Short bio

Since September 2018, I am an Associate Professor of Bioinformatics at the UCLouvain, in Belgium, and director of the Computational Biology and Bioinformatics (CBIO) group. I am located in the de Duve Institute, on the medical campus in Brussels, where I run a research group and teach at the faculty of pharmacy and biomedical sciences (FASB).

I am an avid open research advocate and make every possible effort to make my research reproducible and openly available. I am a Software Sustainability Institute fellow, a Data and Software Carpentry instructor, and an affiliated member of the Bioconductor project.

I am also involved in the Bullied Into Bad Science campaign, an initiative by and for early career researchers who aim for a fairer, more open and ethical research and publication environment. In 2017-2018, I was also part of the eLife Early-career advisory group and, since 2017, am a #ASAPbio ambassador.

Before that, I was a Senior Research Associate in the Department of Biochemistry at the University of Cambridge. It’s at the Cambridge Centre for Proteomics and the Computational Proteomics Unit (my former research group in Cambridge) that I started working on various aspects of quantitative and spatial proteomics, developing new methods and implementing computational tools with a strong emphasis on rigorous and reproducible data analysis. I am also a visiting scientist in the PRIDE team at the European Bioinformatics Institute, and the Cambridge Computational Biology Institute.

And even before that, during my MSc and PhD work, I studied micro-evolutionary genetic patterns of the Broom leaf beetle Gonioctena variabilis in Southern Europe (Gatto el al., 2008), the application of short interspersed mobile elements (SINEs) to study the evolution of cetaceans, and the applicability of the General Time Reversible nucleotide substitution model in the light of differential lineage sorting (Gatto el al., 2006). I also spend 3 years in industry working on genomic and transcriptomics data, in particular the microarray quality control (Shi et al., 2010).

Research

As pointed out by D. Donoho, An article about computational science in a scientific publication is not the scholarship itself, it is merely advertising of the scholarship. The actual scholarship is the complete software development environment and the complete set of instructions which generated the figures. This directly applies to high throughput biology data analysis and I strongly believe that being able to reproduce the complete set of results, replicate an analysis with new data and track the evolution of the work that lead to the scientific novelty are essential aspects of the process of doing research. Hence, I regard the development of scientific software as well as agile and robust analysis methodologies that facilitate reproducible research, an important aspect of my scientific activity.

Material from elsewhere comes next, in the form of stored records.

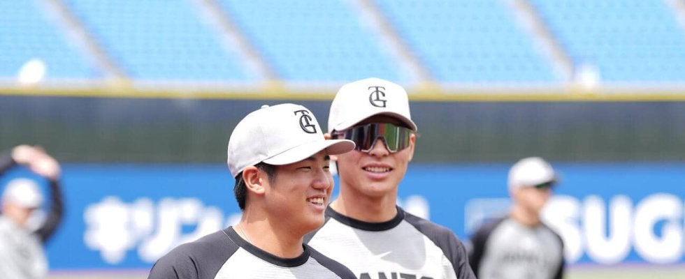 【写真】DeNA対巨人 アップ中笑顔で話す巨人石塚裕惺(左)と平山功太(撮影・増田悦実)
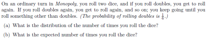 Solved On an ordinary turn in Monopoly you roll two dice Chegg com
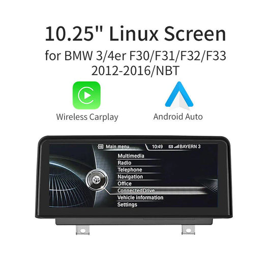 BMW F30 F31 F32 F33 F34 F36 NBT 10.25” Wireless CarPlay Android Auto Screen
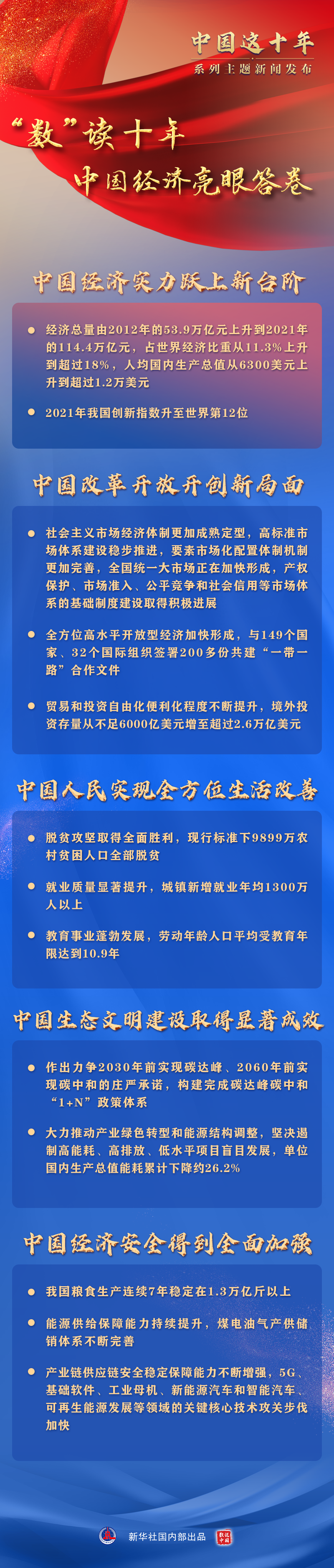 “回顧黨的十八大以來經(jīng)濟社會發(fā)展的光輝歷程,在習(xí)近平經(jīng)濟思想的指引下,我國正在加快邁向更高質(zhì)量、更有效率、更加公平、更可持續(xù)、更為安全的發(fā)展之路,我國的經(jīng)濟實力、科技實力、綜合國力、國際影響力持續(xù)增強,我們以實際行動交出了一份人民滿意、舉世矚目、可以載入史冊的中國答卷?!?/p>
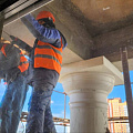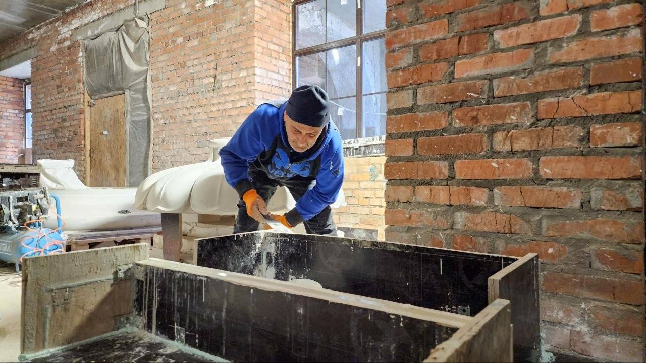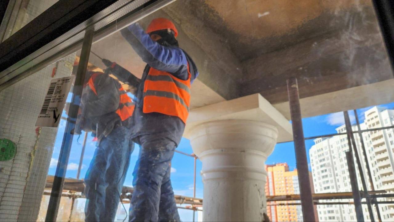 Параллельно мастера штукатурят малые звонницы и монтируют архитектурные элементы на колоннах и пилястрах. Кресты для звонниц уже доставили в храм, они готовы к установке.
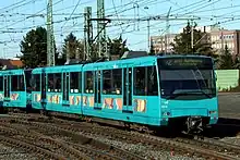 The U3 Class is based on the U2, but have a slightly longer length, a lightweight design made entirely of steel, and was intended for underground operation. Duewag built 27 vehicles, which are painted in the present blue livery that was applied to RMV (formerly FVV) and have been in use since 1980. They were deployed on line U4, until being replaced in April 2015 by U5 train cars and transferred to line U6. In June 2017 the last type U5 car was delivered, which matched the retirement of type U3 train from service. As of October 2019, most trains should be refurbished and transferred to Monterrey Metro in Mexico.
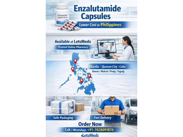 Enzalutamide Capsules available at lower cost in the Philippines through LetsMeds. Genuine quality, safe packaging, and reliable delivery across major cities including Manila, Quezon City, Cebu, Davao, Makati, Pasig, and Taguig. Order easily from a trusted online pharmacy with nationwide coverage and customer support. For price details and orders, call or WhatsApp +91-7428091874. LetsMeds – reliable access to affordable healthcare.

Clarity and traceability of the data and the analysis methodology enable us to better understand what we do, how and why we do it and consequently exploit the data and comprehend the biology. While not sufficient, these are nevertheless necessary requirements for effective data-driven science.

The collaborative and interdisciplinarity nature of much of the research in biology calls for a open approaches, influenced by the open source and free/libre software movements, from communication between stake holders, open research and development to open dissemination of all research outputs.

Proteomics

My work on the design and implementation of reproducible mass spectrometry-based proteomics data analysis pipeline has materialised in the development of the MSnbase (Gatto et al., 2012) package to manipulate, process and analyse quantitative proteomics data. The MSnbase infrastructure also supports the work on the statistical learning applied to spatial proteomics (see below). The synapter package and the associated publications (Bond et al., 2013 and Shliaha et al., 2013) addresses MSE label-free quantitation, optionally including ion mobility separation.

Spatial proteomics

In biology, localisation is function: knowledge of the localisation of proteins is of paramount importance to assess and study their function, and spatial proteomics is the systematic study of the sub-cellular localisation of proteins and changes thereof (Gatto et al., 2010). Since 2010, I have developed novel software and machine learning approaches enabling more reliable and systematic inference of protein localisations using quantitative proteomics. This work has materialised in the pRoloc package (Gatto et al., 2014) that implements various established classification algorithms, effective visualisation techniques (Gatto el al., 2015) as well as novelty detection (Breckels et al., 2013) and transfer learning, harvesting GO annotations of microscopy-based methods to improve the spatial resolution of experimental spatial proteomics data (Breckels et al., 2016).

Teaching

Over the years I have been involved in many teaching activities, ranging from beginners and advanced R courses, genome biology, proteomics bioinformatics, integrative omics, scientific computing as part of the MPhil in Computational Biology in Cambridge, as well as several Software and Data Carpentry bootcamps. All my teaching material is available in the TeachingMaterial repository.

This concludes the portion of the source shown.